Beneath this line are the data; copy exactly the part of them that opens with the line containing "Zaproszenie na urodziny" and closes with the line containing "Carbon Grey Mineral", and only that part.

__RECORDS SUPPLIED__
================================

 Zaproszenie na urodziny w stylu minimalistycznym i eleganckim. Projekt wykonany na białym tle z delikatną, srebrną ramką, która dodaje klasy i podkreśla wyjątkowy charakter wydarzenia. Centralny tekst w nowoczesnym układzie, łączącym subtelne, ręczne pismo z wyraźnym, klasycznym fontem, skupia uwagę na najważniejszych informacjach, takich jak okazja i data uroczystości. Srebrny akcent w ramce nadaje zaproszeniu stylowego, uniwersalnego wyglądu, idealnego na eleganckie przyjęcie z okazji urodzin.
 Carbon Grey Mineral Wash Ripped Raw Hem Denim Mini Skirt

================================

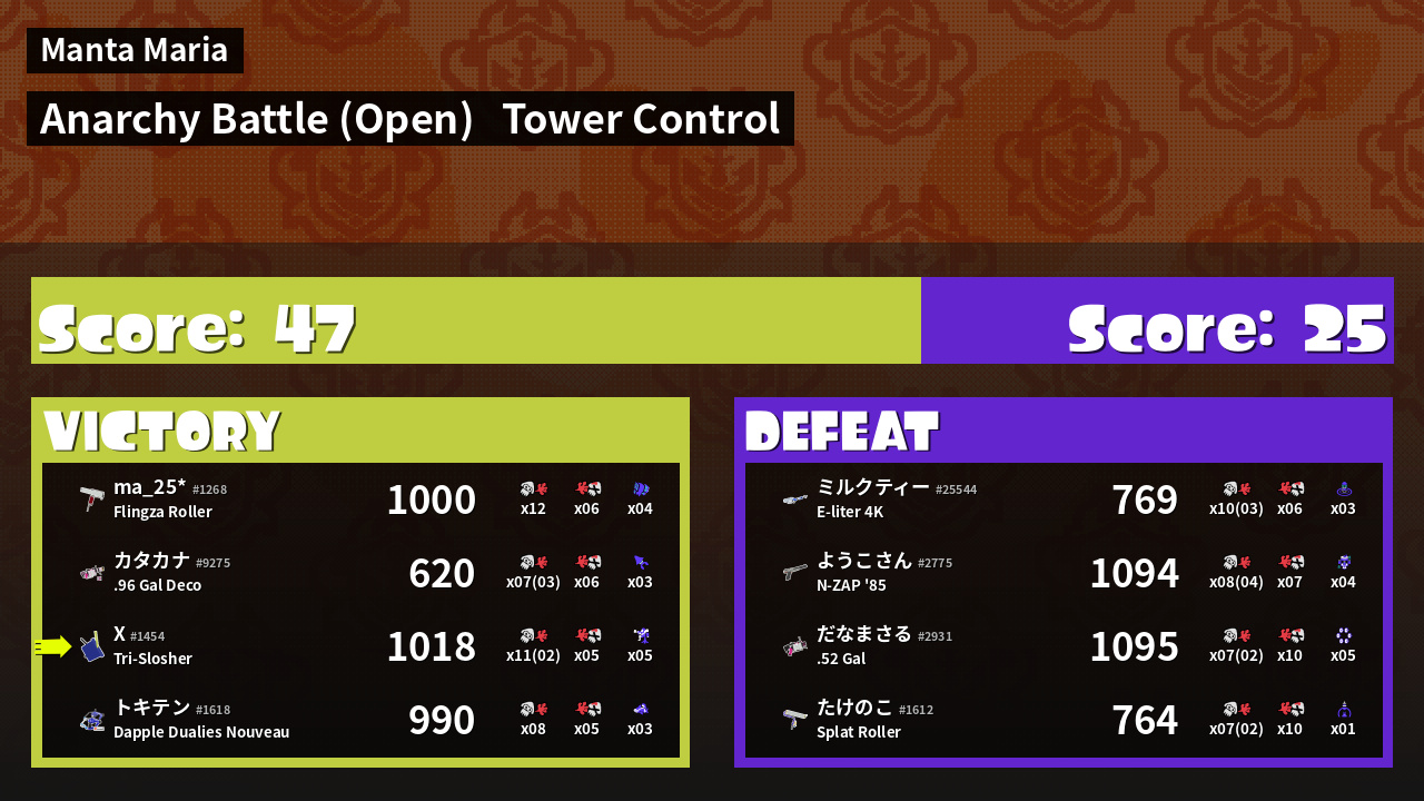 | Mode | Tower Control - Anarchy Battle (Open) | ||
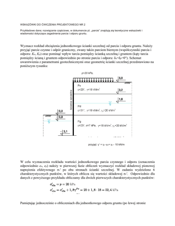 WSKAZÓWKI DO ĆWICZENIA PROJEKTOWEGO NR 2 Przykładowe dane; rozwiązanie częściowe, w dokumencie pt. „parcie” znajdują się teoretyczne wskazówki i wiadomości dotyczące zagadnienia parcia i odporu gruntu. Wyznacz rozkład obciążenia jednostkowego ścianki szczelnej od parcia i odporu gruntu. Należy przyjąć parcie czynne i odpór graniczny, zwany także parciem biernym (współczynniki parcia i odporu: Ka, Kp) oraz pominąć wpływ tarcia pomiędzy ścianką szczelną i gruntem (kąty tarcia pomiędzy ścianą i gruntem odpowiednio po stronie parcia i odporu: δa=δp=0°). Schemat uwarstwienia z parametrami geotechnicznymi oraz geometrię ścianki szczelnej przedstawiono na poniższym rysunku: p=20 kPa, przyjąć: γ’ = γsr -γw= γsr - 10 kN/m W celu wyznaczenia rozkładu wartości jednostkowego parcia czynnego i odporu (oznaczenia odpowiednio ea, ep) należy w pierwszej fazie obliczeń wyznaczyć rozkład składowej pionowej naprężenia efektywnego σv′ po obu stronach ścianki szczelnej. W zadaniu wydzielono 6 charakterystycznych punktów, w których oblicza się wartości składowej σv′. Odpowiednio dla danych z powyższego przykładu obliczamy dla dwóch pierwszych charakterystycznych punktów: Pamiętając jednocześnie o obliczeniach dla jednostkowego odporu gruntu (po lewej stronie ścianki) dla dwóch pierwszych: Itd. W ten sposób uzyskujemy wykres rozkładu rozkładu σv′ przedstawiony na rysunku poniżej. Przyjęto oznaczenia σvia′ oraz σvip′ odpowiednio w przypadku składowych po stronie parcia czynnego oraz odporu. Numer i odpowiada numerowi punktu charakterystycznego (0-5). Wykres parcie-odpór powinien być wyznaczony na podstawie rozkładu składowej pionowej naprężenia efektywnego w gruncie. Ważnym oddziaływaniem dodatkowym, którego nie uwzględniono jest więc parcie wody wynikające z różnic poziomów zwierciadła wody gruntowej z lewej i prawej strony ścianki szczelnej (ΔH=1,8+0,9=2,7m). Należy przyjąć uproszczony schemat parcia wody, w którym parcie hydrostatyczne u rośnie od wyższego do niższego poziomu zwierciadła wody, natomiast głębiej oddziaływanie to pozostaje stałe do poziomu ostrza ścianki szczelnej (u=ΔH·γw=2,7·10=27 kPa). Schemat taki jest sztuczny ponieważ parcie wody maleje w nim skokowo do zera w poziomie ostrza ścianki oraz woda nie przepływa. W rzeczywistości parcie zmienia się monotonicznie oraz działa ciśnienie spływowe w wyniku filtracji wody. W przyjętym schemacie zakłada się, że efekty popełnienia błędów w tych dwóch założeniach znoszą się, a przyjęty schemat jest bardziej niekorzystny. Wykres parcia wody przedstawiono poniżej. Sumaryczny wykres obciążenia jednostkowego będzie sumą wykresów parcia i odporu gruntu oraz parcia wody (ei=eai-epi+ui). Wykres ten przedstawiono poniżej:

================================

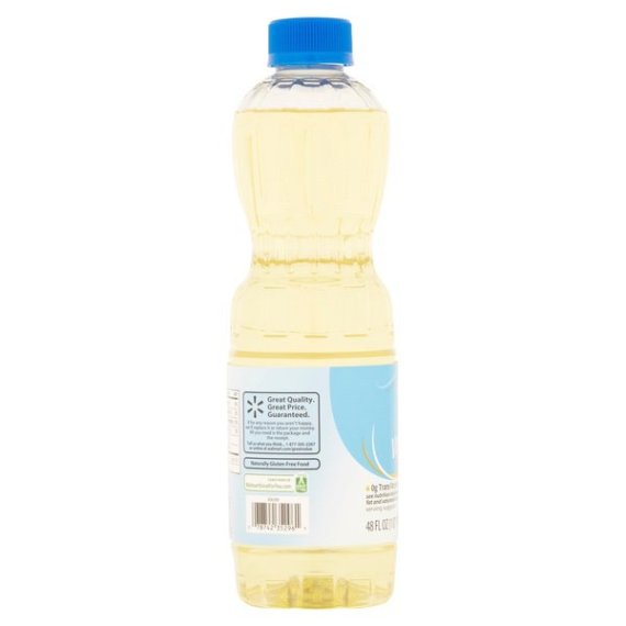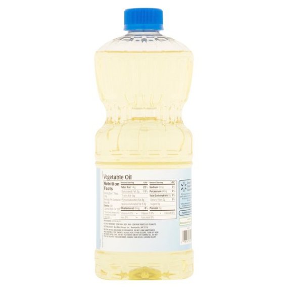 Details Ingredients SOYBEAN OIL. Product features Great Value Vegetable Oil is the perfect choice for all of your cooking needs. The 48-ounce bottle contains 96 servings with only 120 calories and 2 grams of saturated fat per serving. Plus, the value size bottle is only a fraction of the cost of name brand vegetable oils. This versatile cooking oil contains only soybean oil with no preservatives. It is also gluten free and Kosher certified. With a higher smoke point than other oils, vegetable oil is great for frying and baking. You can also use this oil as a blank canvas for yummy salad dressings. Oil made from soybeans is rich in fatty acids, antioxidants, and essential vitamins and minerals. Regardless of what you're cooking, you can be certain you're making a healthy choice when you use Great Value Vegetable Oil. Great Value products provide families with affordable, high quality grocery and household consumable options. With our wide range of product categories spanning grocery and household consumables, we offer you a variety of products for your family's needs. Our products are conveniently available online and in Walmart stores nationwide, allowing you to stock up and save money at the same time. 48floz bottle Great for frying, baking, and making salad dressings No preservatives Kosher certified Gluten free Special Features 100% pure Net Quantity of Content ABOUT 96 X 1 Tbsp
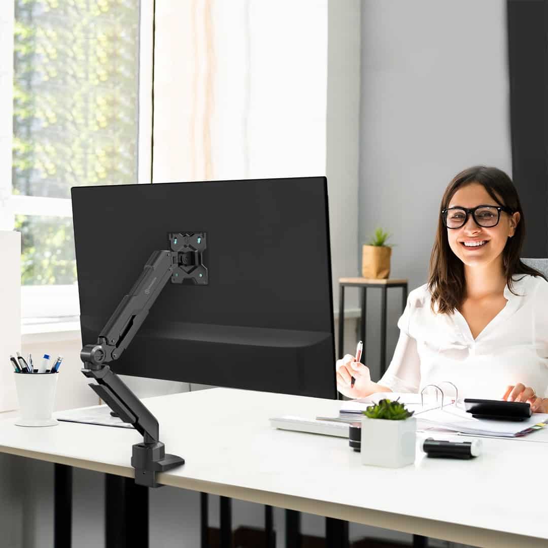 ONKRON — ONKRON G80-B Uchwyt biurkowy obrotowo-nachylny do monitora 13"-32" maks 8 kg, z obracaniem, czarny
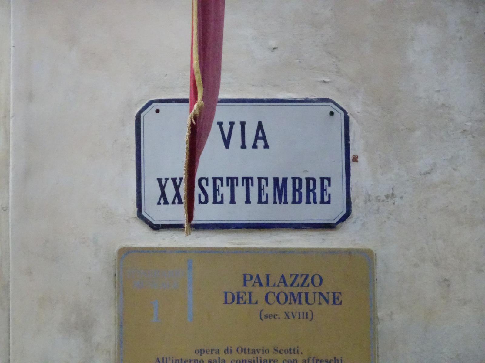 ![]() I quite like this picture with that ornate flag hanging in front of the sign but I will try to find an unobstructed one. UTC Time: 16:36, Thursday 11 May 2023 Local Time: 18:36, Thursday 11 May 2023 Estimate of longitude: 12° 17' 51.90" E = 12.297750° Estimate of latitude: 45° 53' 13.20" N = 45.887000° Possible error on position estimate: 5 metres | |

================================

__YOUR RESPONSE__
 Zaproszenie na urodziny w stylu minimalistycznym i eleganckim. Projekt wykonany na białym tle z delikatną, srebrną ramką, która dodaje klasy i podkreśla wyjątkowy charakter wydarzenia. Centralny tekst w nowoczesnym układzie, łączącym subtelne, ręczne pismo z wyraźnym, klasycznym fontem, skupia uwagę na najważniejszych informacjach, takich jak okazja i data uroczystości. Srebrny akcent w ramce nadaje zaproszeniu stylowego, uniwersalnego wyglądu, idealnego na eleganckie przyjęcie z okazji urodzin.
 Carbon Grey Mineral Wash Ripped Raw Hem Denim Mini Skirt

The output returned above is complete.